SMOKE


Meaning of SMOKE in English

(~s, smoking, ~d)

Frequency: The word is one of the 1500 most common words in English.

1.

Smoke consists of gas and small bits of solid material that are sent into the air when something burns.

A cloud of black ~ blew over the city...

The air was thick with cigarette ~.

N-UNCOUNT

2.

If something is smoking, ~ is coming from it.

The chimney was smoking fiercely.

...a pile of smoking rubble.

VERB: V, V-ing

3.

When someone ~s a cigarette, cigar, or pipe, they suck the ~ from it into their mouth and blow it out again. If you ~, you regularly ~ cigarettes, cigars, or a pipe.

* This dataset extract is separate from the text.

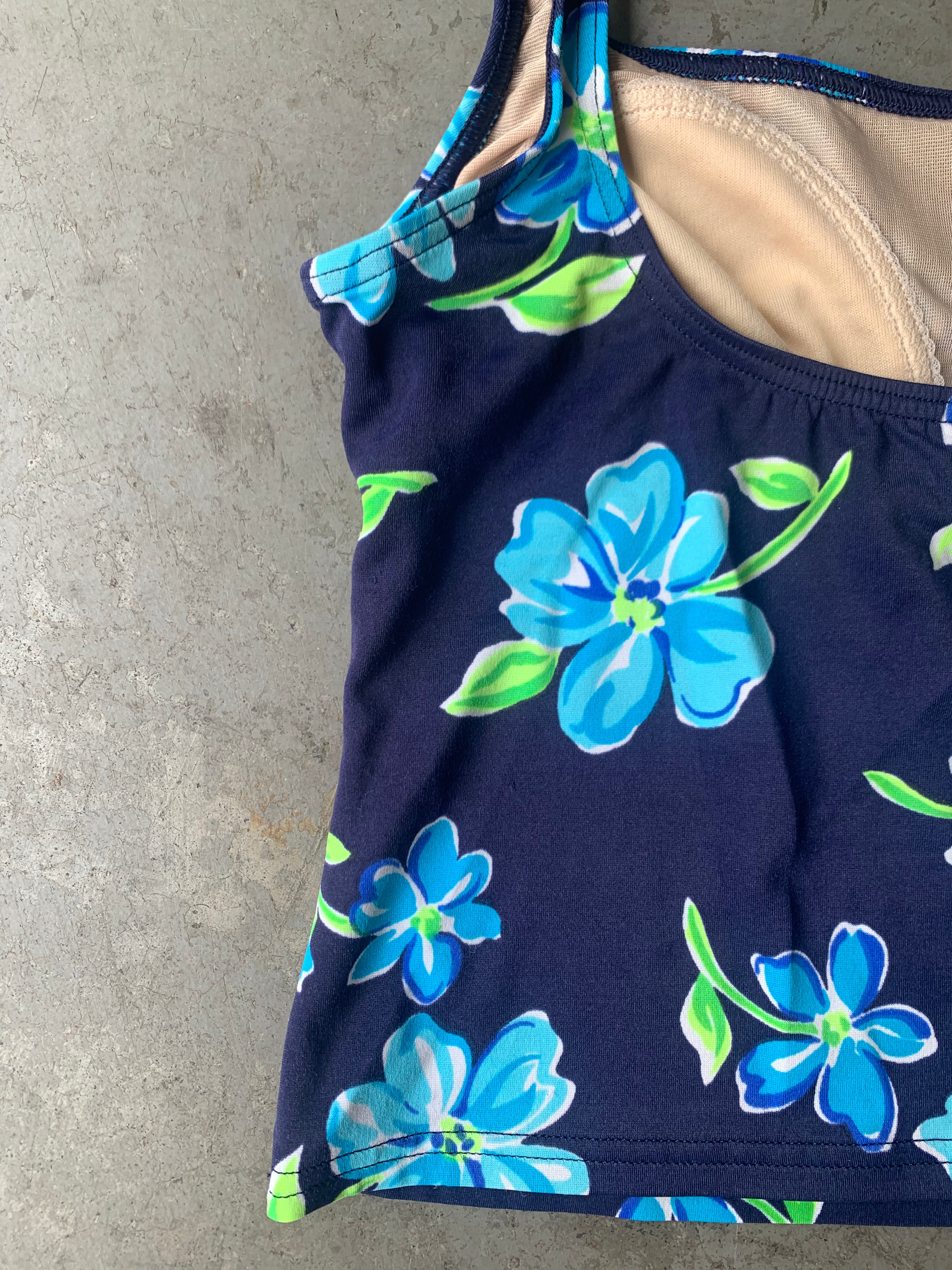 Wear out in town or to the beach — this 90s tankini is a cute piece whether you're in the water or just heading out on a hot day. Tropical florals make this a standout style that would look great with some denim shorts and sneakers. Has built-in padding.

He was sitting alone, smoking a big cigar...

Do you ~?

VERB: V n, V

Smoke is also a noun.

Someone came out for a ~.

N-SING: a N

~r (~rs)

He was not a heavy ~r.

N-COUNT

4.

If fish or meat is ~d, it is hung over burning wood so that the ~ preserves it and gives it a special flavour.

...the grid where the fish were being ~d.

...~d bacon.

VERB: usu passive, be V-ed, V-ed

5.

see also ~d , smoking

6.

If someone says there’s no ~ without fire or where there’s ~ there’s fire, they mean that there are rumours or signs that something is true so it must be at least partly true.

PHRASE

7.

If something goes up in ~, it is destroyed by fire.

More than 900 years of British history went up in ~ in the Great Fire of Windsor.

PHRASE: V inflects

8.

If something that is very important to you goes up in ~, it fails or ends without anything being achieved.

Their dreams went up in ~ after the collapse of their travel agency.